_EXERCISE GOAL_
Go to the line with "Figure 14. Use" in the entries below and write out every line from there through the line with "冬季新款女童外套韩版中小童儿童加厚加绒牛仔外套男宝大毛领棉服", exactly and without pictures.

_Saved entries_
+-------+
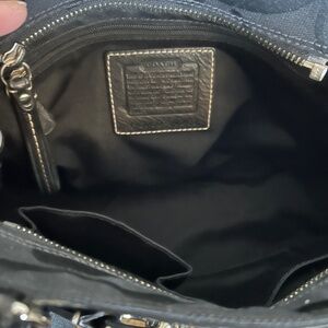 In amazing condition. Coach black satchel with reptile stripe. Style E060-10262. With dust bag. Inside one zip pocket and 2 slots. Very roomy.
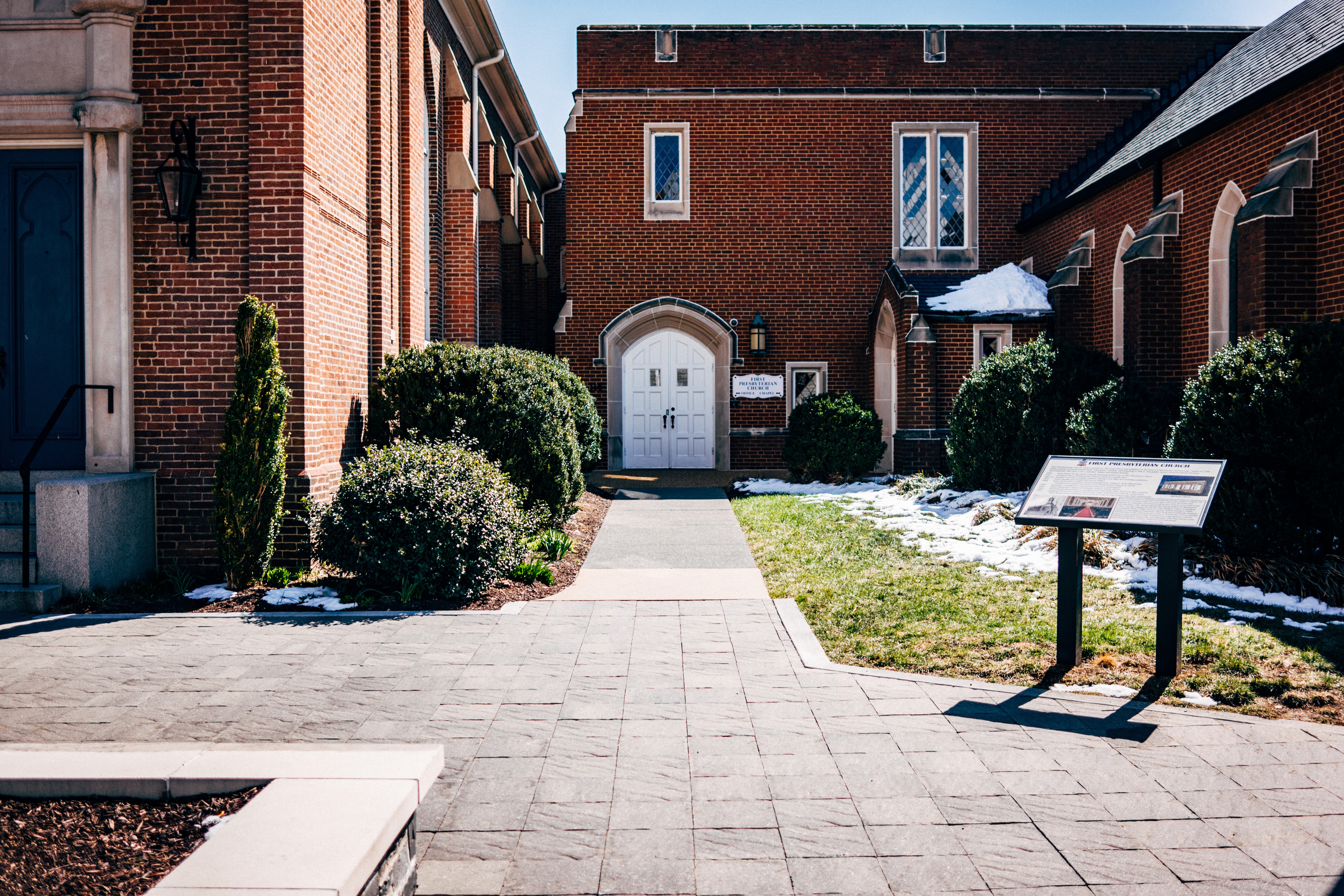 The photograph captures a tranquil pathway leading towards a distinctive white door framed by rich brick walls and lush greenery, evoking a sense of calm and welcome. Soft winter light illuminates the scene, highlighting the contrasting textures of the surroundings as remnants of snow linger on the grass. The composition invites the viewer to explore the serene environment, merging architectural elegance with nature's subtle beauty.
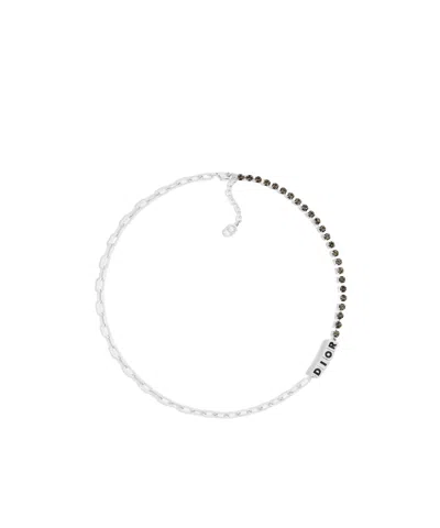 New for Fall 2025, the Dior Cube necklace is a modern creation. The asymmetrical design combines silver-finish brass links with gray crystals, displaying cubes adorned with the Dior signature in black lacquer. An adjustable clasp enhanced by an openwork CD Icon signature allows it to be worn in a variety of lengths. The necklace can be coordinated with other Dior Cube creations to complete the look.
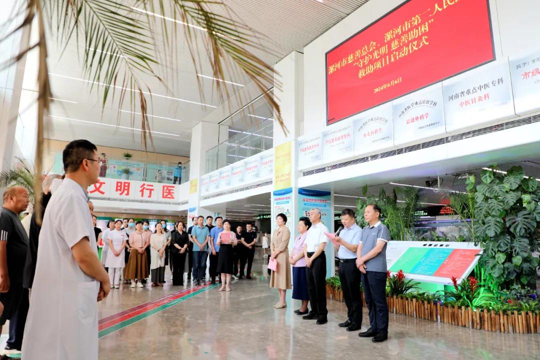 黨委書記魏松致辭并宣布項目啟動,他表示:市二院眼科作為醫(yī)院重點發(fā)展學科之一,科室團隊能夠熟練開展白內障超聲乳化+人工晶體植入術,近年來已經開展有5000余例,術后效果良好,復明率達99%以上。同時,醫(yī)院將此項工程納入年度重點工作予以全力支持,將全力做好項目報名、審核、手術、結算等環(huán)節(jié),把此項工程打造成民心工程和示范工程,切實履行社會責任助力現(xiàn)代化漯河三城建設新征程。
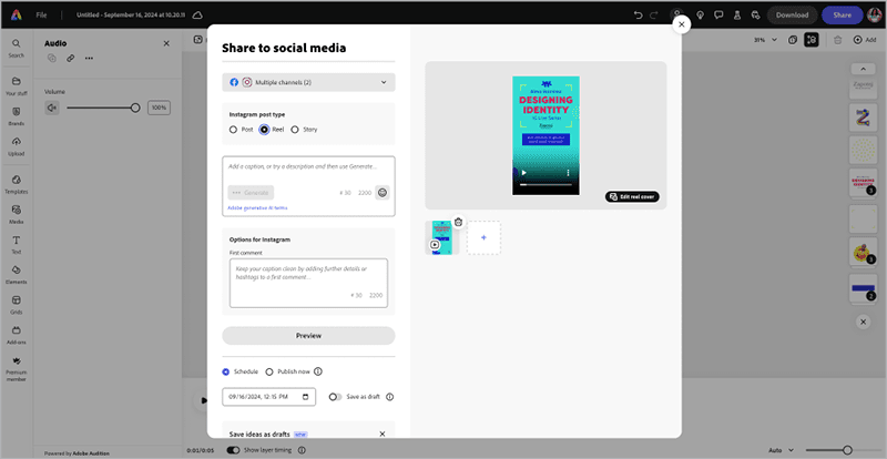 Figure 14. Use Adobe Express to directly publish your work to social media.
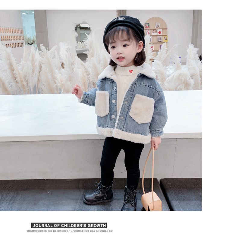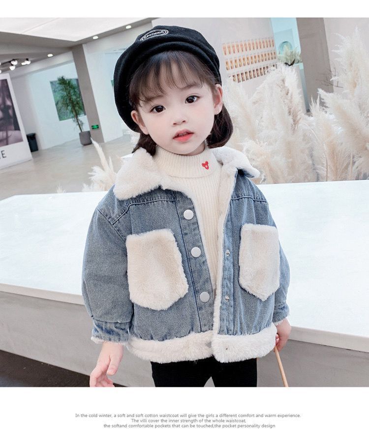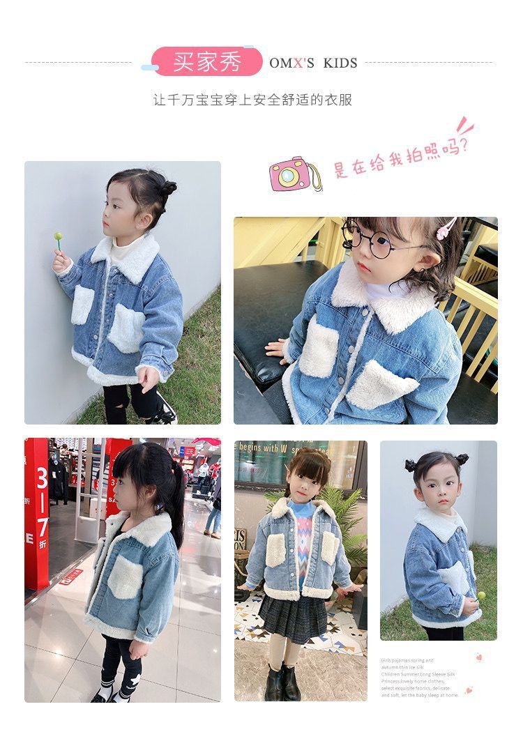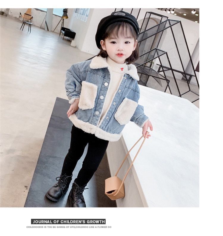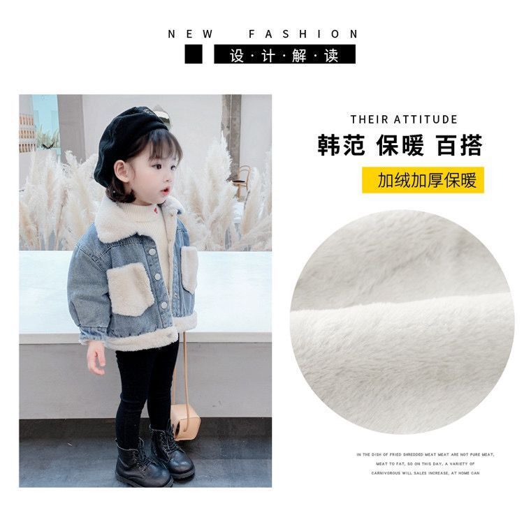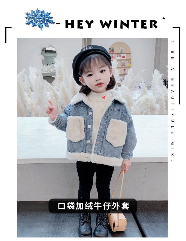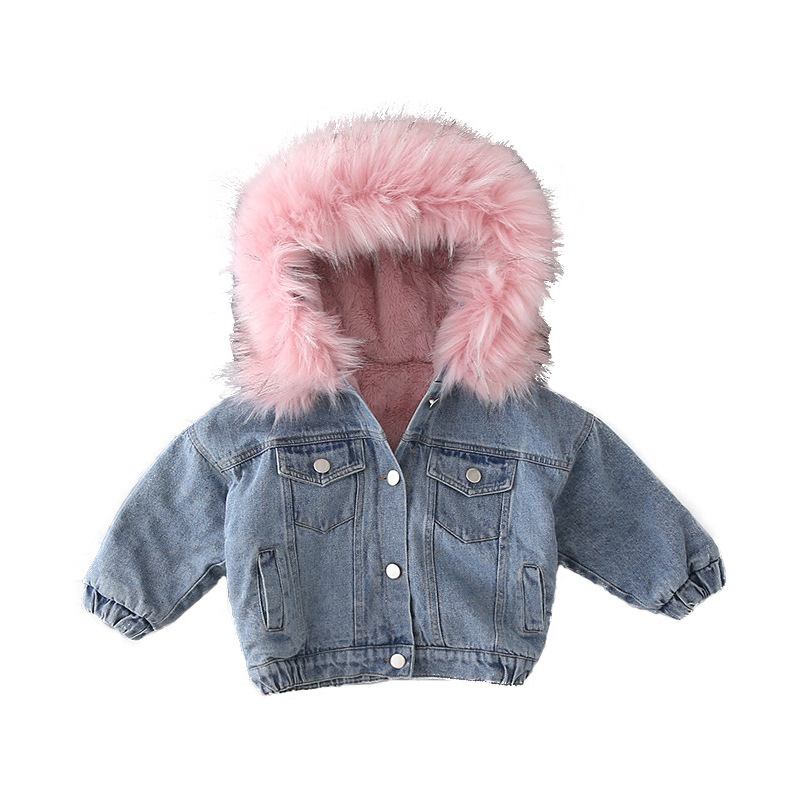 冬季新款女童外套韩版中小童儿童加厚加绒牛仔外套男宝大毛领棉服
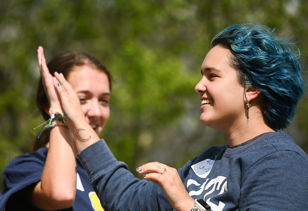 Teams from the Colleges of Business and Engineering faced off Thursday on Chamberlain Field for the first Field Games. The “heated” competition included egg and three-legged races, cup stacking, cornhole, tug of war and lots of laughing. The College of Business was the ultimate champ. In the photos below, Business is in the blue shirts and Engineering in the yellow.
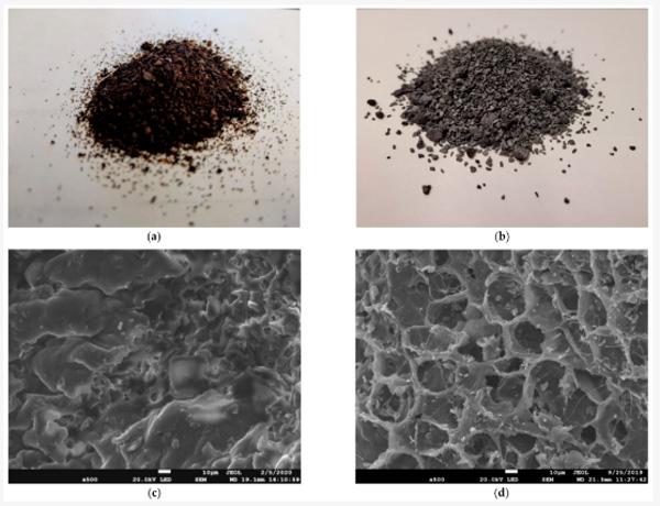 ¡¡¡¡Í¼1£º(a)´¦Àíºó»ñµÃµÄÔ²ÄÁϺÍ(b)»îÐÔÌ¿£¬ÒÔ¼°(c)Ô²ÄÁϺÍ(d)»îÐÔÌ¿ÔÚ500xϵÄSEMͼÏñ¡£
+-------+
_RESULT OF THIS EXERCISE_
 Figure 14. Use Adobe Express to directly publish your work to social media.
 冬季新款女童外套韩版中小童儿童加厚加绒牛仔外套男宝大毛领棉服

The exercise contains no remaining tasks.